### The task
Give again, exactly as written, the lines of the records below from the line with "比赛结束后没多久,詹姆斯已经开始看高尔夫视频了" to the line with "Аптечка содержит изделия". Both end lines count; pictures do not.

### Supplied data
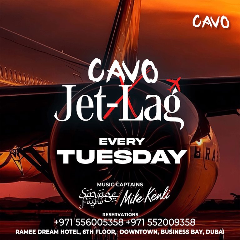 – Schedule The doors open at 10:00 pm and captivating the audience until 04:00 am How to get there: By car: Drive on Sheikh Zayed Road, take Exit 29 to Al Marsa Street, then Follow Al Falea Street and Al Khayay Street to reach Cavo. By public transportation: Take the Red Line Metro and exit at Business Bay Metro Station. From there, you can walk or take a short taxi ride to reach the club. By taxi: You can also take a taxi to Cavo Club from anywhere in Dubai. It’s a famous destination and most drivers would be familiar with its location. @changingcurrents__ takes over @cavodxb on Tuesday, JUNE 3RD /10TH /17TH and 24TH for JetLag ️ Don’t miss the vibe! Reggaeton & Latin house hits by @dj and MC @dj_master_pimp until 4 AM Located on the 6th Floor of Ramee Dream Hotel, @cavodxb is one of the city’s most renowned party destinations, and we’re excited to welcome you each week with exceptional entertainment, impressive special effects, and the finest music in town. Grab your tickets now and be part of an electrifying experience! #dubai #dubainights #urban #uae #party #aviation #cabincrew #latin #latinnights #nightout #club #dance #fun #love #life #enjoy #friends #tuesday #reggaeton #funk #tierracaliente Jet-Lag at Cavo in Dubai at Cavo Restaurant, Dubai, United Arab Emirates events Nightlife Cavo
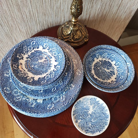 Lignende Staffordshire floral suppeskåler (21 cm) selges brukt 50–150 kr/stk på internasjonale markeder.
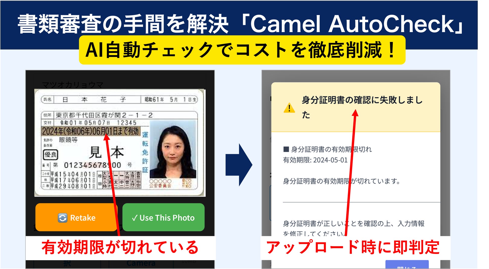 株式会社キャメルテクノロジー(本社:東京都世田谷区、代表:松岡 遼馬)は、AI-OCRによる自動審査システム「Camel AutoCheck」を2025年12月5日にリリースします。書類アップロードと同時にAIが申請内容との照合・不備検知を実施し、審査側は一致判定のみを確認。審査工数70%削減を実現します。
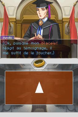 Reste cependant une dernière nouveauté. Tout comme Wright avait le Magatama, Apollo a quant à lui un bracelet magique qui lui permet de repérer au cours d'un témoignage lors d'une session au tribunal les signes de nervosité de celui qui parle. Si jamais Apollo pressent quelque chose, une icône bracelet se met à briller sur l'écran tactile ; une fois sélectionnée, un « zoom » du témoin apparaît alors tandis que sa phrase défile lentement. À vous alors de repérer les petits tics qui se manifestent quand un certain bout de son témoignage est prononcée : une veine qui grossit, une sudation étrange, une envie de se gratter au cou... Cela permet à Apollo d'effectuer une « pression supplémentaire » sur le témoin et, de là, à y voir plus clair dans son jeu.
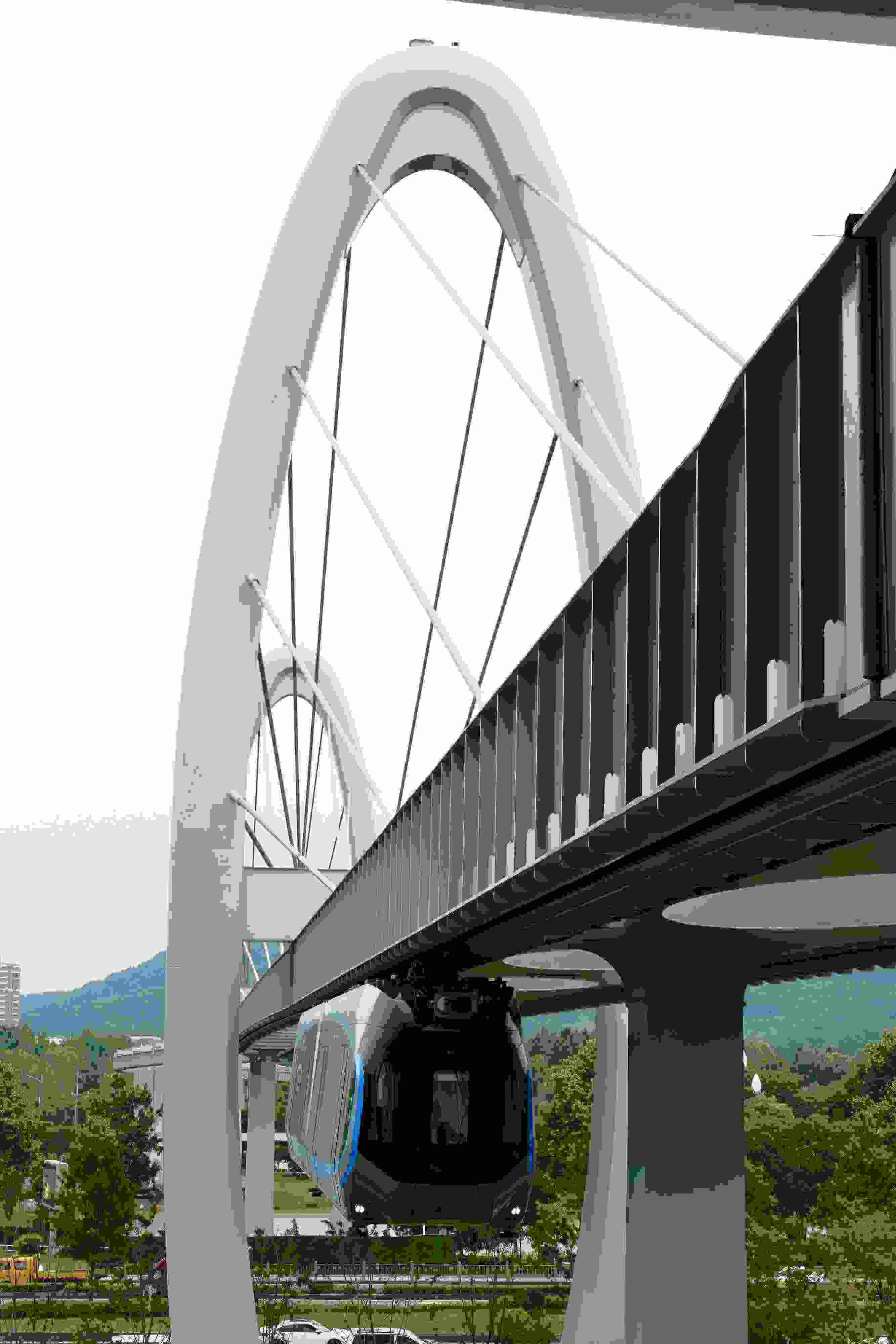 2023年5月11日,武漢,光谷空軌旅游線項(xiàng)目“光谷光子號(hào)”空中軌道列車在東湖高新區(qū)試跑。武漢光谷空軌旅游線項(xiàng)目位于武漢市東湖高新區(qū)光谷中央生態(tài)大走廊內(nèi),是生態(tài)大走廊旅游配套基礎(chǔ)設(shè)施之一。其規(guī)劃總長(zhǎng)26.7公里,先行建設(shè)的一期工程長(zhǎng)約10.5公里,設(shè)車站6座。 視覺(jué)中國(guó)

---

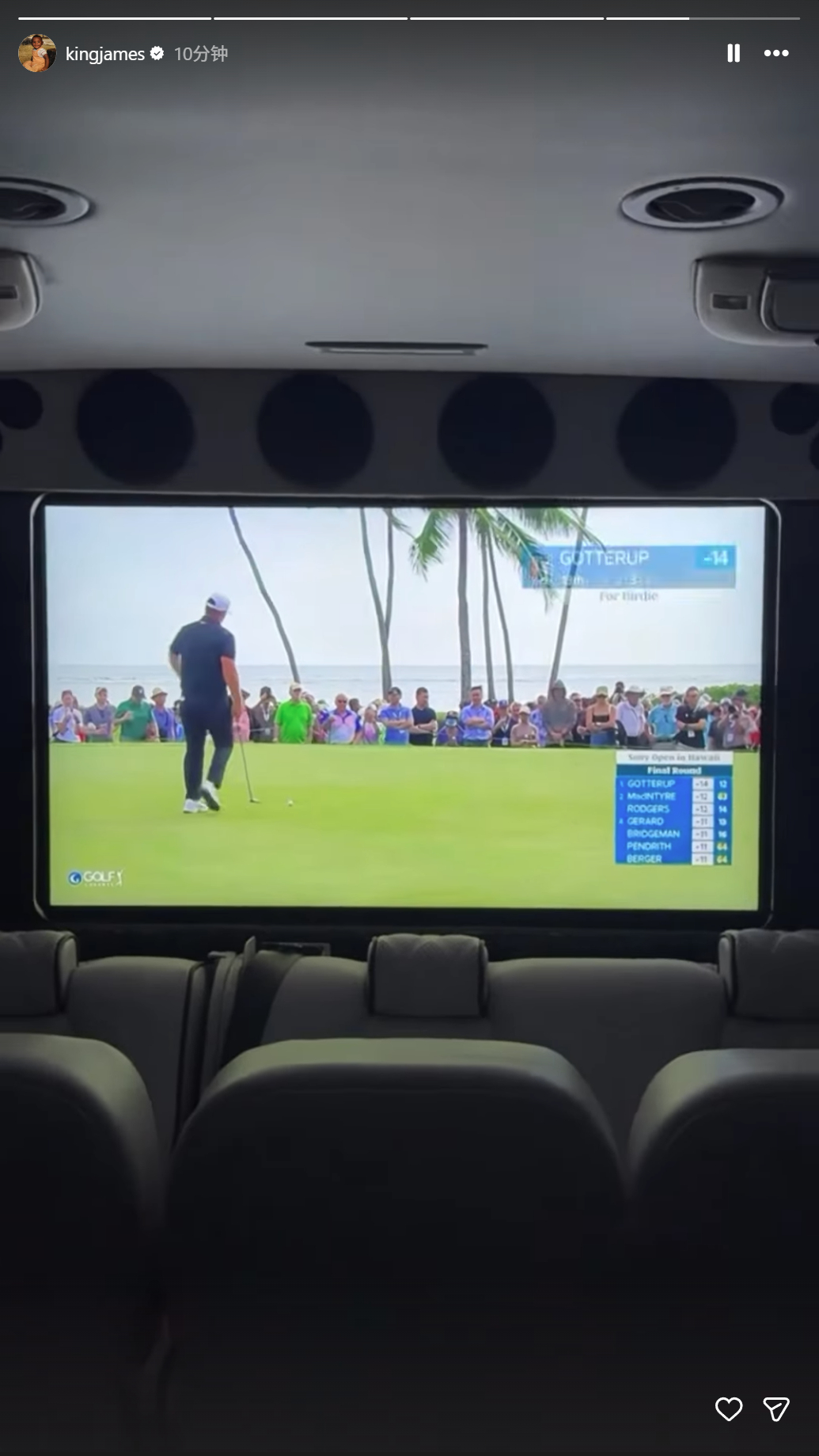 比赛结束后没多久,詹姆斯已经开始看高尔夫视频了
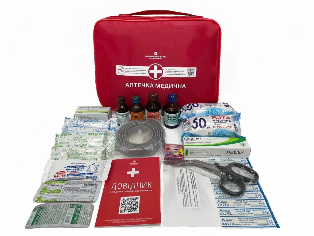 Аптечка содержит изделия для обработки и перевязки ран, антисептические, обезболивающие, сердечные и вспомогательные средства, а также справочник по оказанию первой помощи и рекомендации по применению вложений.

### Response area
 比赛结束后没多久,詹姆斯已经开始看高尔夫视频了
 Аптечка содержит изделия для обработки и перевязки ран, антисептические, обезболивающие, сердечные и вспомогательные средства, а также справочник по оказанию первой помощи и рекомендации по применению вложений.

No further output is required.